The face had been one of the “first division” in the gallery he had been shown at Castle Forbes. The man was short and stocky, as expected, and the stunted left arm hung by his side. He had fought in Afghanistan against the Soviets, and his left arm had stopped several shards of shrapnel during an air attack. Rather than accept a clean amputation, he preferred to let it hang, useless. There had been rumors that he had died there. Not true. He had been patched up in the caves, then smuggled into Pakistan for more advanced surgery. After the Soviet evacuation, he had disappeared.
The man with the withered left arm reappeared after the 2003 coalition invasion of Iraq, having spent the missing time as chief of security in one of the AO^camps under Taliban rule.
For Mike Martin, there was a heart-stopping moment in case the man recognized Izmat Khan from those Afghan days and wished to discuss it. But the mission commander just stared at him with featureless black-pebble eyes. For twenty years, this man had killed and killed, and he loved it.
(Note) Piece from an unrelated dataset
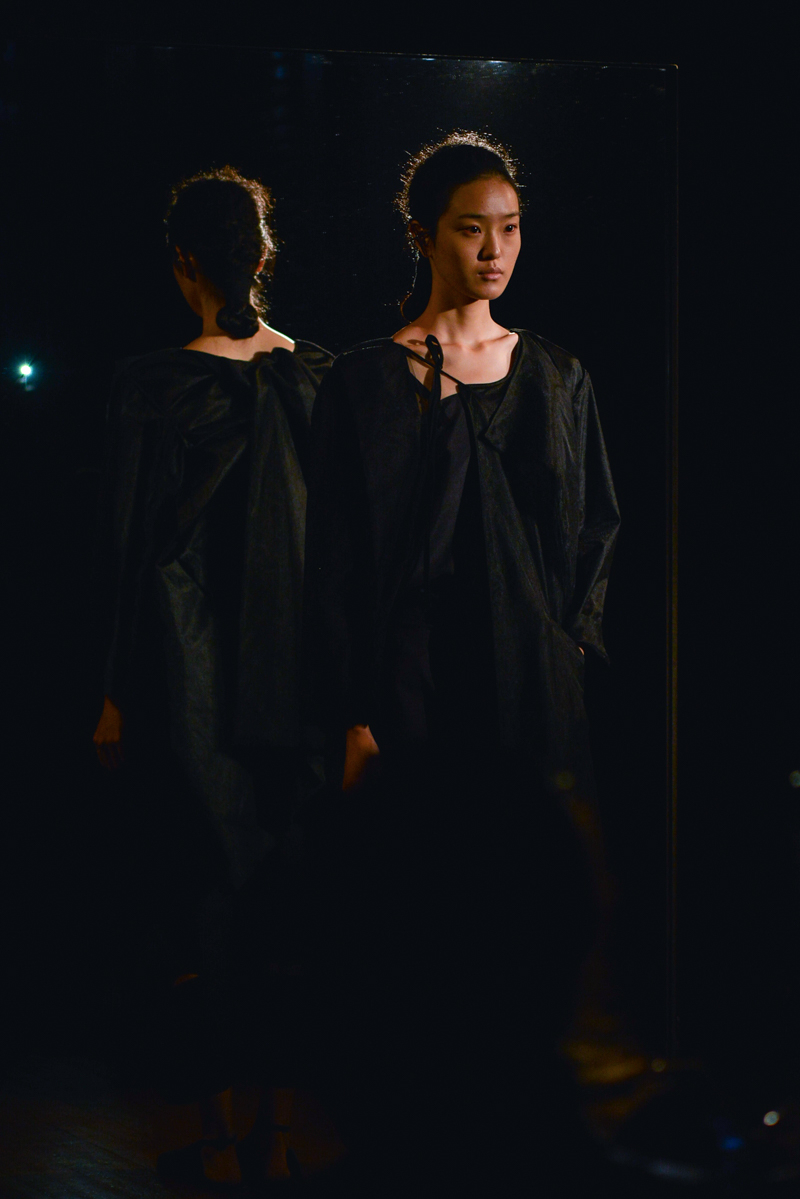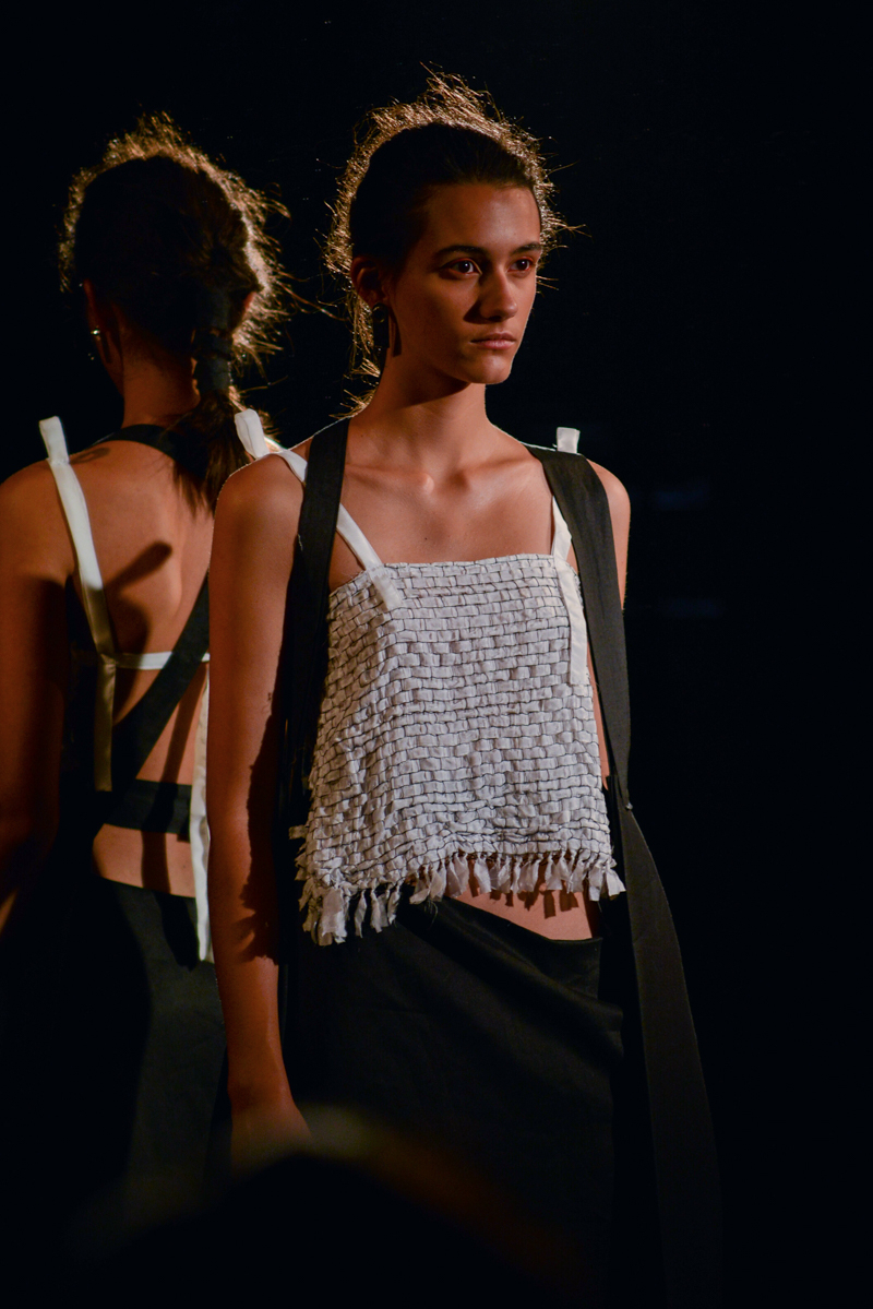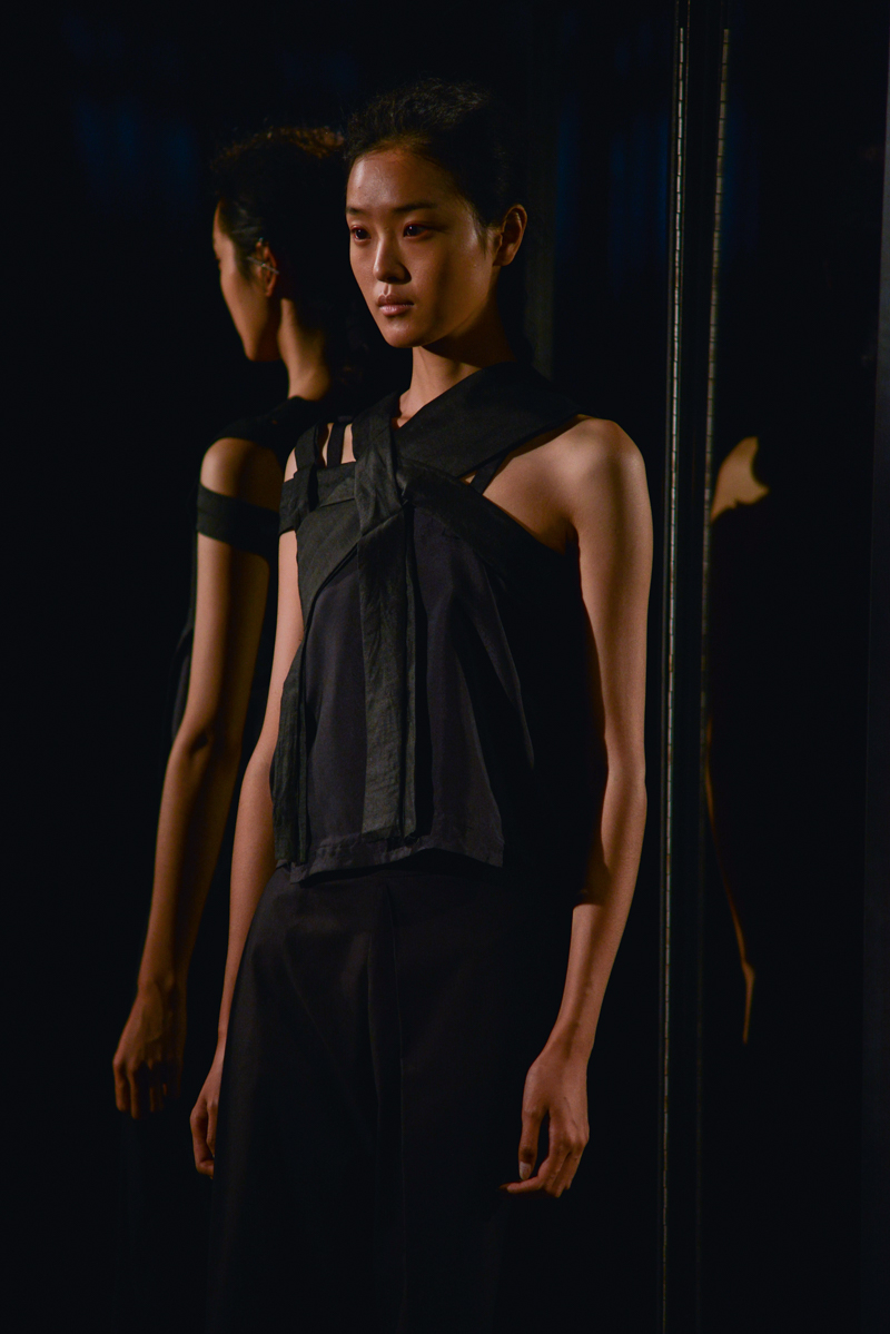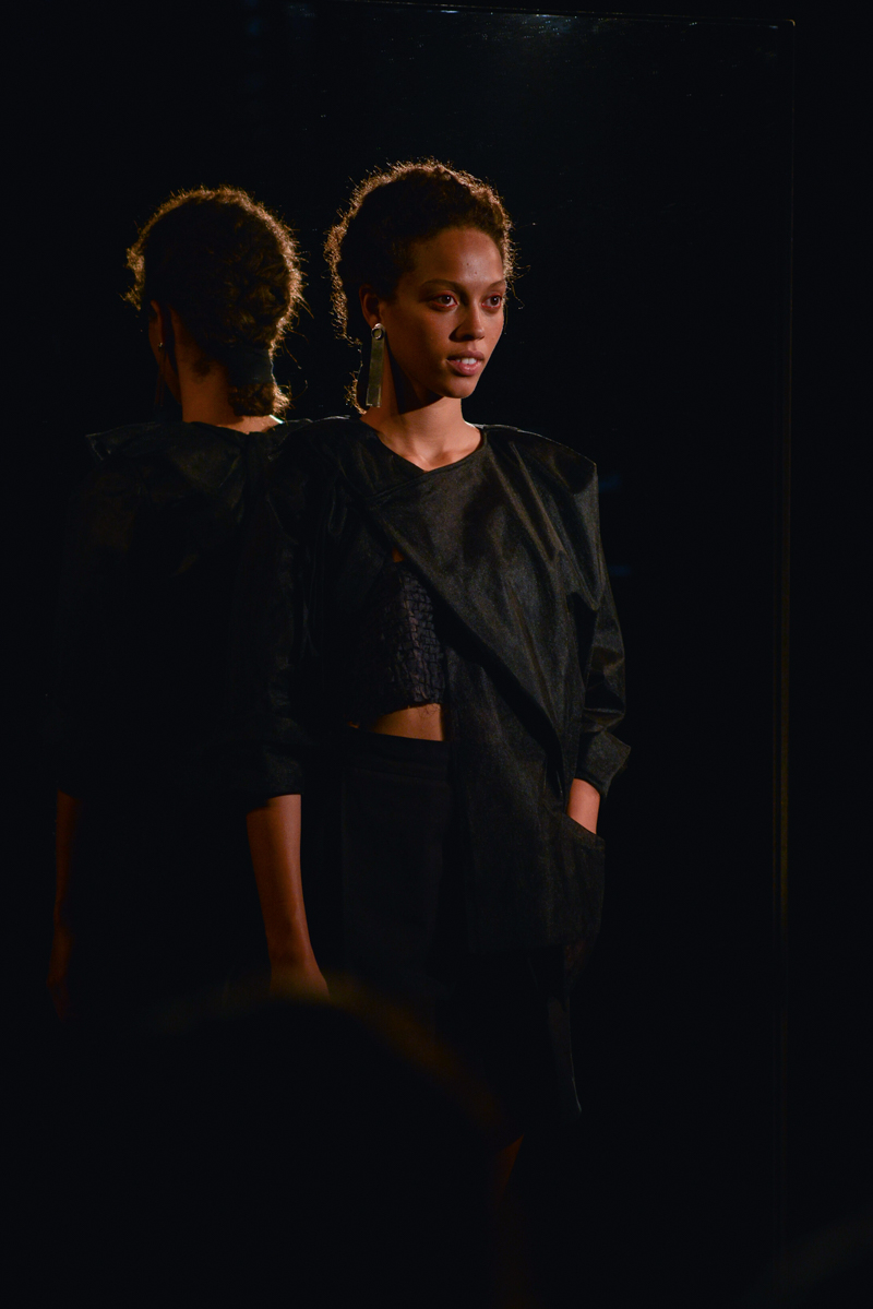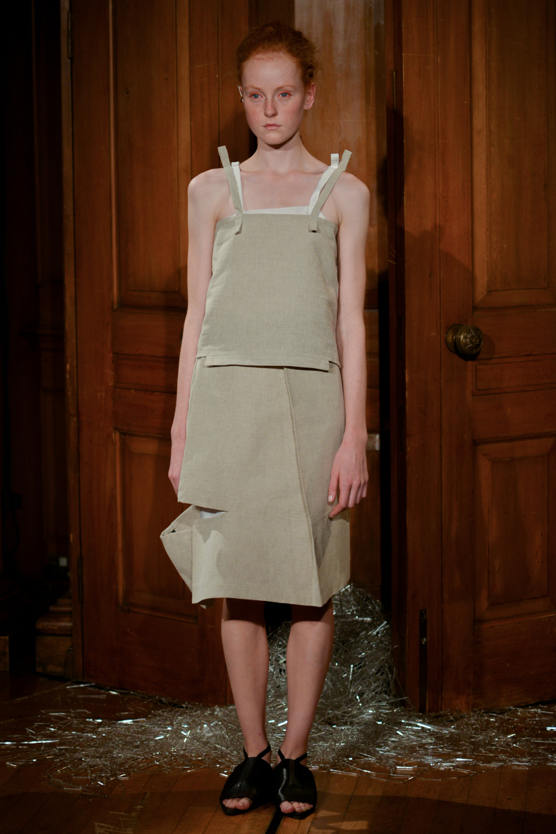 Having recently relocated her studio and team from Hackney to Deptford, it felt like a natural progression for English to translate this new beginning by taking apart then rebuilding materials over the body. Double and triple layers of strapped black and white silk textures formed shirts, dresses and skirts, worn with crêpe and linen draped skirts – the hems of which were fraying. Models wore flat, Japanese-style leather sandals with open backs, echoing the cut-out elements of the garments.

In Iraq, as aide to Musab al-Zarqawi, he had hacked off heads on camera and loved it. He loved to hear them plead and scream. Martin gazed into the blank, manic eyes and gave the habitual greeting. Peace be unto you, Yusef Ibrahim, Butcher of Karbala.
CHAPTER 14
The former Java Star emerged from the hidden Filipino creek twelve hours after the destruction of the Countess of Richmond. She cleared the Moro Gulf, and headed into the Celebes Sea, heading south by southwest, to join the sea track the Countess would have taken though the Makassar Strait. The Indonesian helmsman had the wheel, but beside him stood the British/Pakistani teenager and the Afghan, to whom he gave instruction on the keeping of a true course at sea.
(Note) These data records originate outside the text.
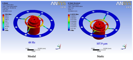 The modal and static structural analysis result of simulation software ANSYS (shape c).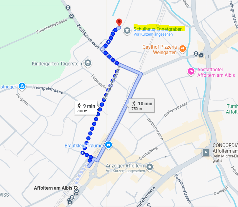Zu Fuss vom Bahnhof Affoltern a. A. ca. 9 Minuten gemäss nachfolgender Planvorlage.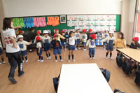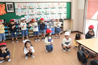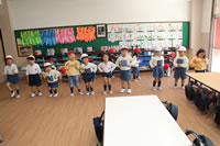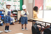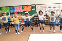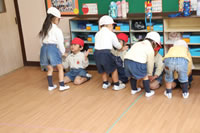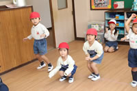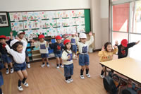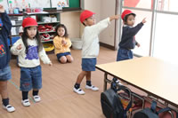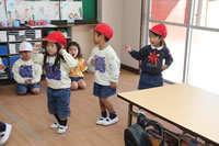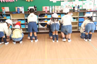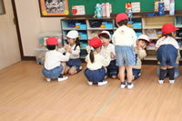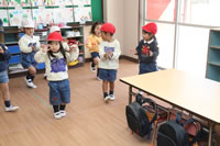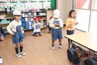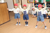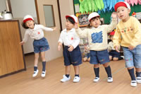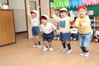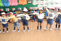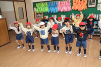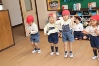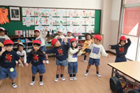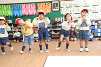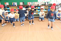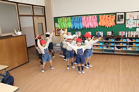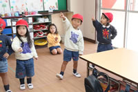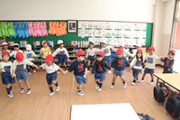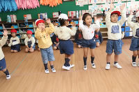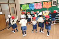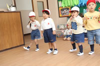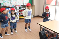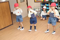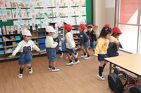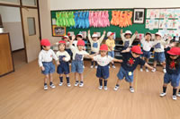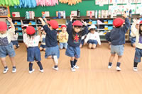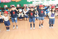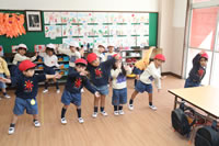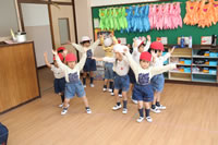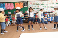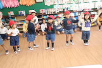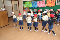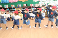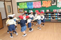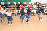 音楽に合わせて隊形を変えたり踊ったりしていきます。

Though neither of his pupils could be aware of it, counterterror-ist agencies within the world of the merchant marine had known for years, and been perplexed by the times a ship in these waters had been hijacked, steered round in circles for several hours with her crew in the chain locker, then abandoned. The reason was simply that just as the hijackers of 9/11 had achieved their practice in U.S. flying schools, the marine hijackers of the Far East have been practicing the handling of a large ship at sea. The Indonesian at the helm of the new Countess was one of these.
The engineer down below really had been a marine engineer before the ship he worked on had been hijacked by Abu Sayyaf. Rather than die, he had agreed to join the terrorists and become one of them.